Mais voyons quelle est la définition
de Jaspers dans la Psychopathologie Générale: "Quand, au
milieu de l'évolution naturelle de la vie, se produit un changement
psychique tout à fait nouveau, il se peut que l'on ait affaire à
une phase. Mais si le changement est durable, le phénomène
est appelé processus. [Il] s'oppose par un caractère
général aux processus cérébraux. Ce caractère
est un changement de la vie psychique qui n'est accompagné
d'aucune
désagrégation de la vie mentale et dans lequel entrent
comme élément une foule de relations compréhensibles.
Nous ne connaissons pas les causes d'un semblable processus. Alors que
dans les processus organiques, les phénomènes mentaux sont
au point de vue psychologique dans une confusion complète, ici,
au contraire, plus on approfondit le cas étudié, et plus
on trouve de relations conscientes. [...] Dans les formes les moins graves,
l'évolution du sujet se poursuit comme si à un moment donné
se trouvait une discontinuité brusque du développement".
Lacan trouve donc là de quoi réfléchir en termes explicatifs,
donc de cause, d'erklärung, sans avoir besoin de se rabattre
sur une causalité organique.
|
|
A quelles caractéristiques cliniques
pouvons nous reconnaître donc ce processus? Lantéri-Laura
signale que nous nous heurtons en ce point à une discontinuité
dans la biographie. Ce point, que nous verrons plus tard, Lacan le baptise
de sa célèbre expression "point fécond" (1),
qui deviendra par la suite moment fécond. Cet échec de la
compréhension ne peut s'expliquer que par la mise en jeu d'un facteur
hétérogène à la compréhension. Evidemment
ce point est crucial, car l'hétérogénéité
l'est pour la compréhension et non pour l'histoire du sujet. Lacan
ne dit pas que ce processus soit indéterminée.
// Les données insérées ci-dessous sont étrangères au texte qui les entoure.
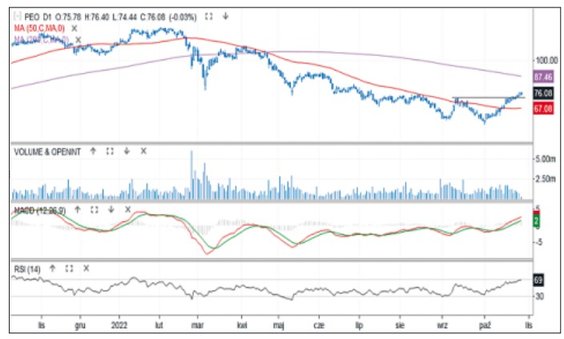 W sektorze bankowym trwa wzrostowa korekta. Wśród najbardziej płynnych przedstawicieli branży najsilniejsze jest Pekao. Od początku października akcje podrożały o blisko 25 proc. Cena akcji przebiła w górę średnią z 50 sesji i zaatakowała strefę oporową 75–77 zł. To tu kumulują się poziomy ostatnich lokalnych szczytów. Przebicie się przez te bariery zwiększy szansę na ruch do 200-sesyjnej średniej (obecnie 88 zł), a w konsekwencji na długoterminowe przesilenie. Byki wspierają rosnące w strefach neutralnych oscylatory MACD i RSI. Średnia z 50 sesji jest najbliższym wsparciem.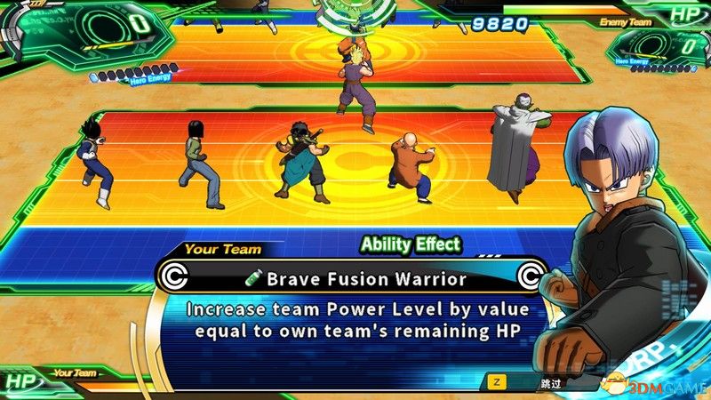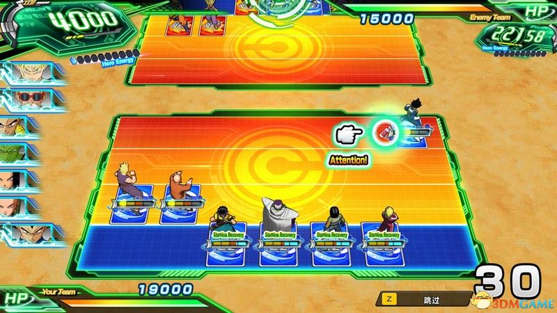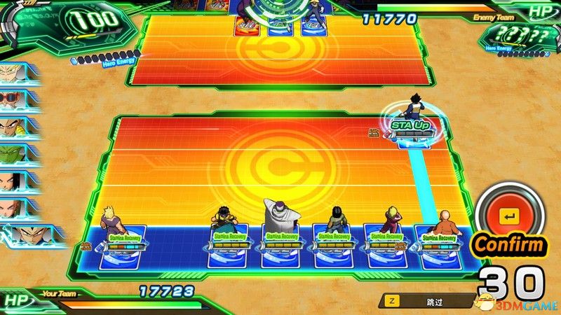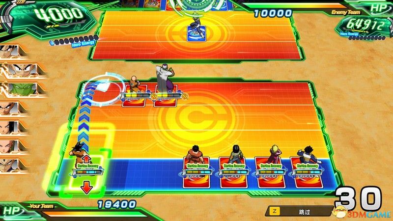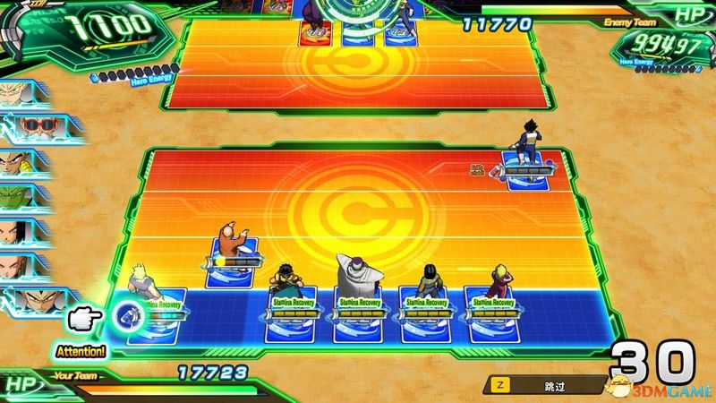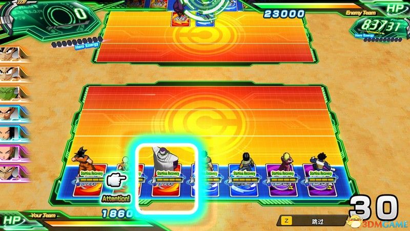 连接能力——需要在恢复区激活,指定英雄进行连接。可以看到,恢复区的龟仙人连接了战斗区的贝吉塔。这样龟仙人就可以给予贝吉塔连接加成了,效果是提升战斗区英雄的体力。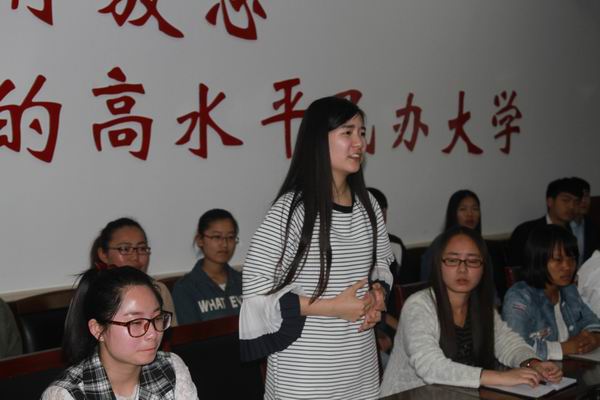 本次座谈主要就我校学生和老师所关心的问题展开讨论,解决同学和老师们的顾虑和困惑。会议开始,女王大学中国区特使Prof,Sean Gorman做了简短致辞并放映了微电影,为我院师生展示了女王大学的风貌,受到了大家的一致好评。之后女王大学各位教授就英才学院学生和老师的提问展开解答。座谈会期间,大家就是否可以硕博连读,毕业后就业情况,课程衔接等众多问题做出提问。女王大学领导也就这些问题做出了相应回答,他们指出在接下来的学习中女王大学将会派遣优秀老师到英才学院任教,为英才学生提供更好的平台,为将来到女王大学学习打下更为坚实的基础,并且在女王大学读研期间学校会为学生提供一定的创业资金,学生可以利用这些资金进行炒股,创业。在学习期间会安排学生到相关专业的大型公司实习,毕业后可以选择去澳大利亚或者留在英国就职,学校会为学生就业提供良好的平台。Monica教授还强调在英国硕博连读不需要参加任何形式的考试,只需要在平时的学习生活中表现优秀即可,在英国更加重视学生的平时表现。最后,我院中英本科15级学生赠送给教授们精心制作的具有中国特色的刻纸,表达了中国学生对英国访问团的热烈欢迎。
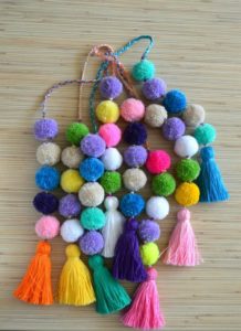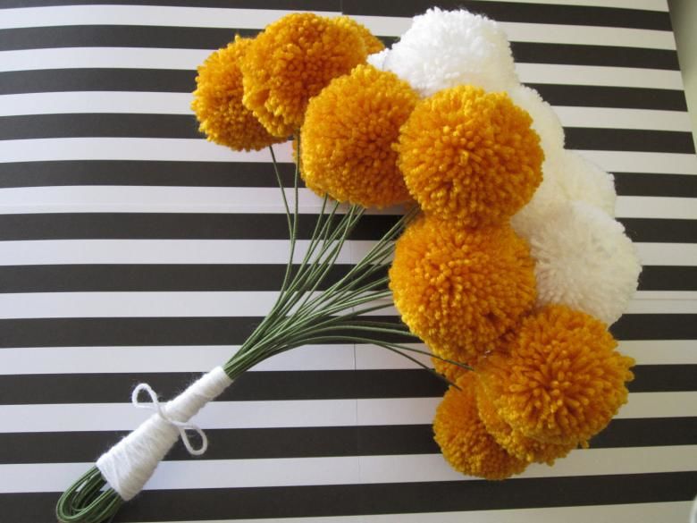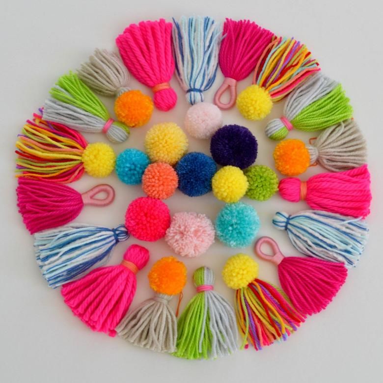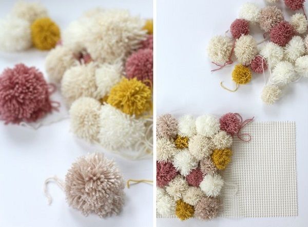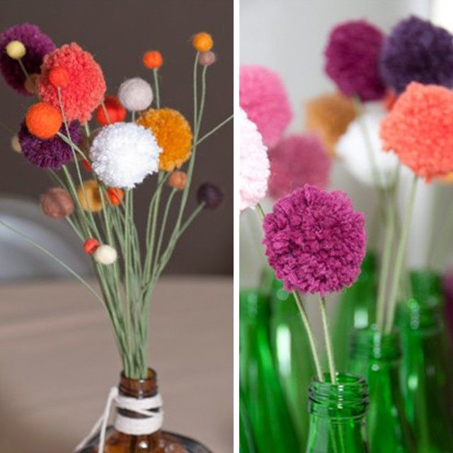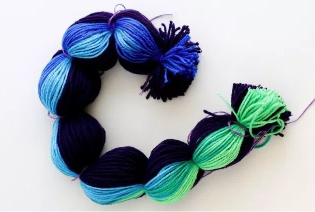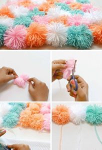 - Направете цветни помпони от прежда.

Il est bel
et bien déterminé, et c'est en faisant appel à la
théorie freudienne qu'il mettra au point sa théorie de la
triple causalité, si bien analysée par Bertrand Ogilvie:
la cause occasionnelle constituée par le processus organique
quoique non spécifiques, la cause efficiente, soit celle
qui détermine la structure et la permanence des symptômes
à reconnaître dans les conflits vitaux, et enfin la cause
spécifique de la réaction de la psychose. Alors, discontinuité
et hétérogénéité, deux notions
qui prenant leur origine dans le processus de Jaspers, reviendront tout
au long de la pensée de Lacan pour évoquer la notion de cause.
MOMENT FECOND, PHENOMENES
ELEMENTAIRES
Comment ce processus, notion psychopathologique,
se traduit cliniquement dans le langage de la psychiatrie? A quoi est-il
identifiable ce processus psychique? A rien d'autre qu'à sa discontinuité.
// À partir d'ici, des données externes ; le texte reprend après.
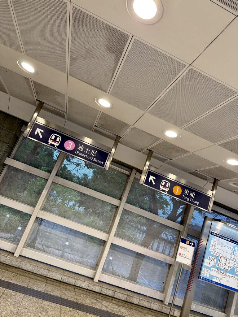 乗り換え。乗ってきた電車が香港行き。乗り換える電車は東涌に戻るかディズニー行きかの2択なので間違えようがありません!
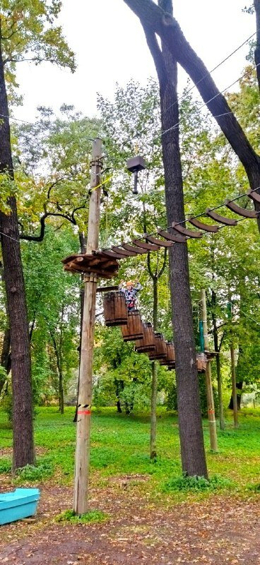 Сегодня посетил этот прекрасный веревочный парк. Впечатлений - выше крыши. Со стороны кажется не очень большим в плане территории, но как только Вы начинаете проходить трассу, время вокруг замирает. Остаётесь только Вы и трасса. Всего здесь 4 трассы и одна тренировочная. Две зеленые - это для новичков, а две синих - для продвинутых участников. И ни в коем случае не стоит их недооценивать. Трассы весьма большие и две синие по-настоящему бросают вызов Вам и Вашей выносливости. Бояться здесь нечего: перед выходом на трассу Вас проинструктируют и заставят пройти тренировочную трассу под пристальным контролем, чтобы убедиться в усвоении Вами инструктажа. Очень вежливый и отзывчивый персонал, который готов помочь в случае возникновения каких-то затруднений. Этот парк идеально подходит для получения незабываемого опыта и симпатии к горному туризму.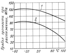 | Характер приложения механического напряжения | Предел прочности при растяжении, % к исходному |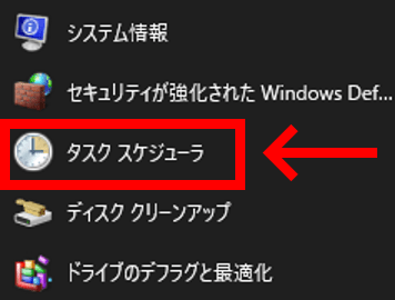 Windows システムツールの中からタスクスケジューラを探して起動させます。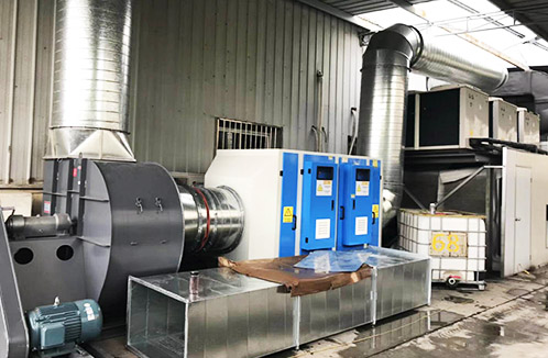 噴漆廢氣產生于弓箭涂裝的噴漆工作臺,高壓空氣噴射出的油漆大部分留在工件上,其他的隨著廢氣帶出,形成漆霧粉塵。這些粉塵含量不高,粒徑較小,箱體外部的漆霧在風機的吸力下進入漆霧凈化處理箱,氣液分離器進行氣水分離,分離后向箱內行走,在行走的過程中,遇到多級過濾板,漆霧與過濾板進行完全飽和接觸,顆粒狀塵霧被過濾板吸附,余下的干凈尾氣通過網狀過濾器過濾后,再進入活性炭吸附凈化箱,活性炭凈化箱是利用高效吸附材料來凈化空氣的,活性炭凈化箱分進風、活性炭過濾段和出風段租出,有機廢氣從進風口進入箱體,凈化后的達標尾氣在通風機吸力下排向大氣。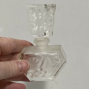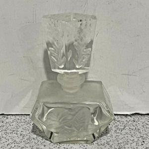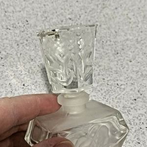 Vintage perfume bottle & stopper clear crystal & frosted glass scent container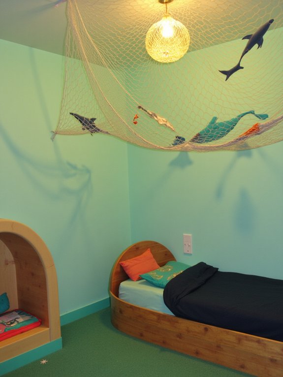 Blue ombre wallpaper creates depth from ceiling to floor, while jellyfish pendant lamps cast gentle wave patterns across the room. These elements combine to create a soothing yet imaginative space where children can drift off to sleep surrounded by the magic of the ocean.

Discontinuité du sens, dit Lantéri-Laura. Le processus est
l'efficace de quelque chose qui est entièrement étranger
à la compréhension. C'est un non-sens s'opposant à
la compréhension. L'essentiel du processus dépend de tout
ce qui appartient au non-sens par rapport à la compréhension
banale. Ce point et ses rapports à la signification étaient
déjà fort bien précisés dans la Psychopathologie
Générale lorsque Jaspers décrit ce qu'il appelle les
expériences délirantes primaires. Ces problèmes méritent
pour Jaspers la dénomination de
délire de signification,
tant cet aspect caractérise ces phénomènes. Symptômes
irréductibles à toute compréhension, dit aussi primaires.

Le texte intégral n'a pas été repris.